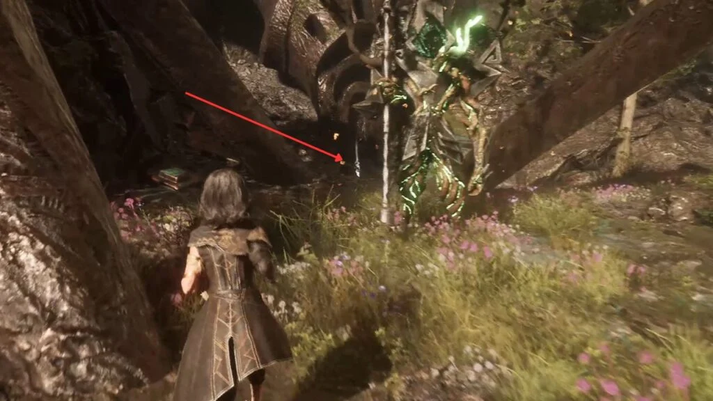 Exit the cave and follow the path until you pass under a huge tree root. You’ll hit your first Expedition Flag: Meadows Corridor.
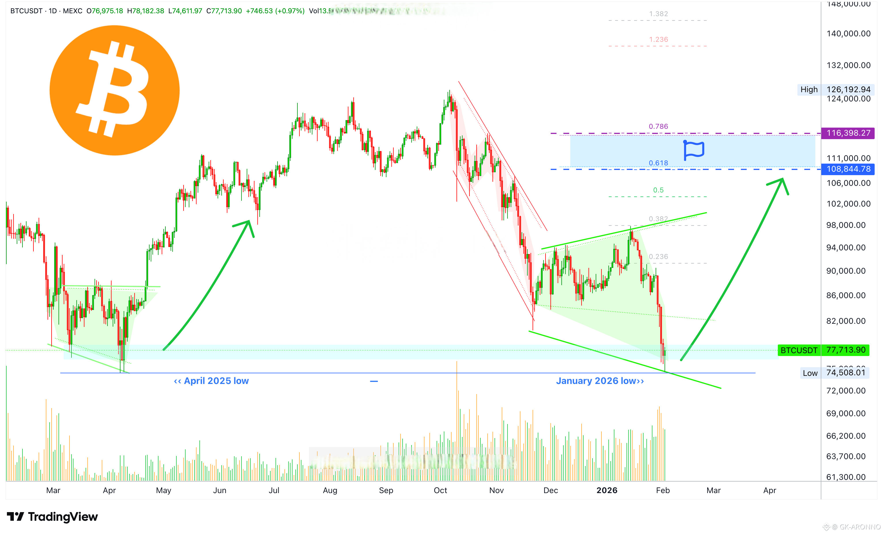 The low 7-April 2025 stands at $74,508. The current low, active now, sits at $74,612, a true double-bottom.
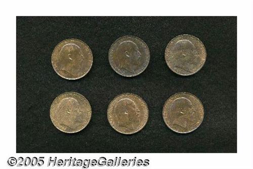 <B>Edward VII Penny lot as follows:</B></I> 1902 High Tide, AU; 1903, XF; 1905, AU; 1906, AU; 1907, XF; and an 1908, lustrous Unc.

Task
Write out exactly the lines beginning with the line that holds "The low 7-April" and ending with the final line of the data, both ends included, without the pictures.

Written answer
 The low 7-April 2025 stands at $74,508. The current low, active now, sits at $74,612, a true double-bottom.
 <B>Edward VII Penny lot as follows:</B></I> 1902 High Tide, AU; 1903, XF; 1905, AU; 1906, AU; 1907, XF; and an 1908, lustrous Unc.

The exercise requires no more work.